There are as many as 90 veterans buried at Antioch Life Park Cemetery on the other side of Mountain Creek Lake from DFW National Cemetery.
Despite that short distance, the difference between the way veterans are honored in the two cemeteries is stark.
At Antioch Life Park Cemetery, they are the forgotten heroes of a generation.
Veterans from World War I through Vietnam are buried there.
Some have headstones that are fading or overrun with grass.
Other veterans that are documented to have been buried there don't have one at all.
On Wednesday, Nov. 11, a group led by Feed A Million Veterans and the Grand Prairie chapter of the NAACP took on the task of cleaning headstones and placing American flags next to those who served.
The owner of the cemetery, Thom Aldredge, said he receives no local state or federal money that's needed to maintain it.
Aldredge, along with volunteers, said these veterans deserve the first-class treatment that thousands of former military service men and women receive at DFW National Cemetery.
"I sometimes wonder are they forgotten because they are black veterans?
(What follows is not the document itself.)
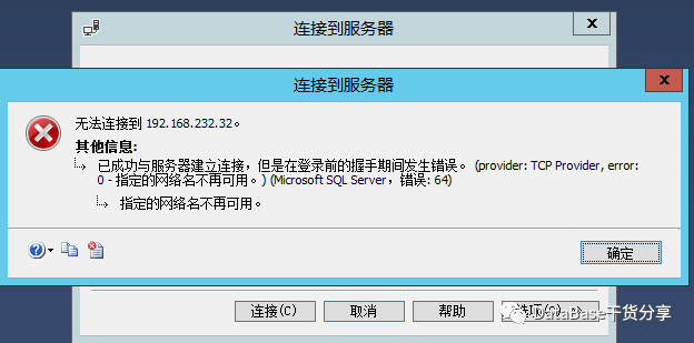 已成功与服务器建立连接,但是在登录前的握手期间发生错误。(provider: TCP Provider, error: 0 - 指定的网络名不再可用。) (.Net SqlClient Data Provider)

And that part right there just saddens my heart because these are people that went to the front of the line," said Angela Luckey of the Grand Prairie NAACP. "These are the people that if it had not been for them, there's no telling what America would really look like today."
There is an online fundraising account to help the cemetery's maintenance. Replacing the aging gravesites of military veterans with higher quality, uniform headstones will take a lot of donations.